The primary rationale for the legislation was not to extend educational access or affordability. Rather, it was a labor market strategy designed to reduce the tidal wave of veterans seeking jobs and avoid the high unemployment rates that followed World War I. The extraordinary success of this program not only avoided unemployment, but catapulted millions into the middle class and helped create the most sophisticated workforce the world had, to that point, ever seen.

Today, as a component of the nation’s stimulus package, we need an updated version of the G.I. Bill.

Unlike the original bill, which rewarded service, this new bill would be a rescue measure.

As in the past, a primary goal would be to decrease pressure on what today is a shrinking job market and limit growing unemployment rates. But another equally important goal would be to prepare the more educated labor force the nation needs for economic development and global competitiveness at a time when a dwindling number of jobs are available to individuals without a college education and its associated skills.

The stimulus G.I. Bill would seek to assure both college access and affordability. It would focus on two populations -- low-income Americans who attend college at dramatically lower rates than their fellow citizens and middle- and upper-middle-class populations for whom the cost of college is growing far faster than their paychecks. Support would be means-tested -- graduated based upon need. Higher education would be free for families with incomes below $100,000

The new G.I. Bill would be extended to all Americans who have earned a high school diploma or G.E.D. The scholarship would cover the costs of tuition, fees, books and living expenses for up to four years of full-time college attendance, as a last-dollar scholarship. That is, a student would have to apply for and use all other forms of financial aid available to them first -- family, government, private, institutional and personal -- and the scholarship would provide the last dollars needed to fill any gaps.

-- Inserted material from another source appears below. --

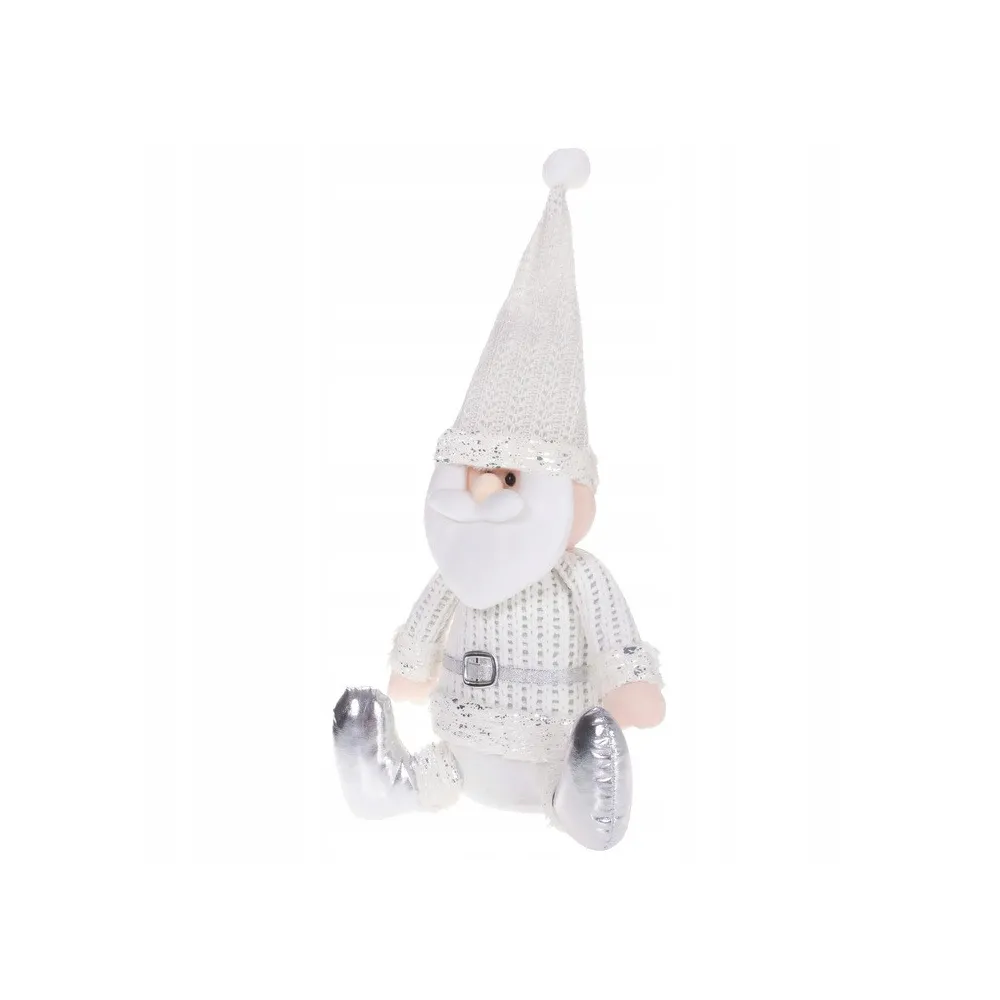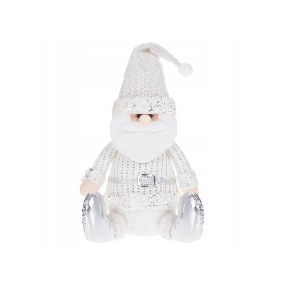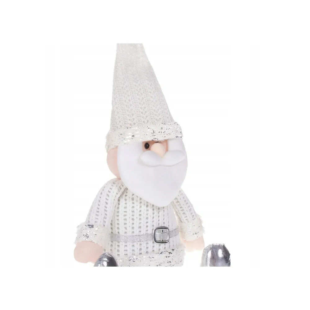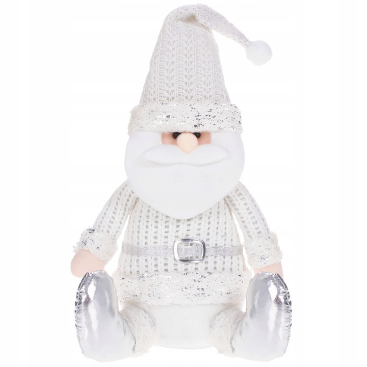 Plyšová dekorácia rozprávkového Santy Clausa o výške 43 cm. Sediaca pozícia, rozkročené nohy, tvarovateľná čiapka, pletený obleček s opaskom, strieborné doplnky, stabilná základňa, kvalitný a na dotyk príjemný materiál. Prekrásna vianočná dekorácia, ktorá sa stane ozdobou každého interiéru.

College tuition and expenses would be set at the local cost of attending a public community college for the first two years and a public four-year college for the final two years. Living stipends would be set at the equivalent of a full-time minimum wage job, adjusted to local costs of living and a student’s number of dependents.

Much like programs that bail out corporations, the scholarship would give the government an equity stake in the student’s future. In exchange for government support, recipients would provide the government a tax supplement, perhaps an additional one or two percent of their yearly income, annually for life.

The government would receive short-term savings in unemployment benefits and the cost of other social programs -- prisons, welfare, health care -- which typically rise during hard times. In the longer run, government would benefit from the higher salaries and taxes that college-educated people pay, as well as the additional equity share in taxes that recipients of this funding would be required to pay.

Over the past few years, many proposals have been made to increase college access and affordability. Most involve increasing Pell Grant support or making more loan money available. This proposal is not remarkably different. What is distinctive in the idea would be its timing, the statement it makes about supporting people as part of a bailout, its historic roots, its bundling of existing financial aid programs, and its potential to generate additional revenues.

The original G.I. Bill, and its reauthorizations, built the modern American middle class. A new civilian G.I. Bill would preserve that middle class, providing a wise investment in the most precious resource America has -- its human capital. It is difficult to imagine a better or more greatly needed economic stimulus.